Jueves, 27 de marzo de 2014 | Hoy
OPINION
Por Claudio Martínez *
Mientras los ejecutivos de la televisión argentina se acostumbran a que el programa de mayor rating sea Avenida Brasil, una ficción que ni siquiera va en horario central, otro fenómeno de la misma procedencia asoma de modo menos estruendoso en la consideración del mercado audiovisual.
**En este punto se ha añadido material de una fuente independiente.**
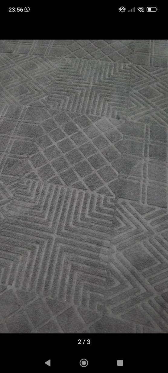 Gri renkte, çağdaş tarzda ve hafif geometrik dokulu modern bir welsoft halı örtüsü 6 M2 lastikleri sökülüp overlok çekildi

Este domingo HBO estrenó Psi, una serie brasileña con temática psicoanalítica de impecable guión y factura.
Más allá de la crítica, que no es el objetivo de estas líneas, lo que sorprende a los desprevenidos es que la señal de ficciones de mayor calidad en el mundo produzca y programe en horario central una realización hecha en Sudamérica; una rareza que ni siquiera la creciente calidad de la producción audiovisual de Brasil alcanza a explicar por sí misma.
HBO, como Turner, Sony, Warner y las demás señales que inundan las pantallas de cable alrededor del mundo, siempre privilegió las producciones propias, o en el mejor de casos, las realizaciones independientes con garantía de convocatoria global. ¿Por qué entonces una ficción de un país emergente logra financiamiento y un horario privilegiado de emisión, además de una considerable campaña de prensa y publicidad?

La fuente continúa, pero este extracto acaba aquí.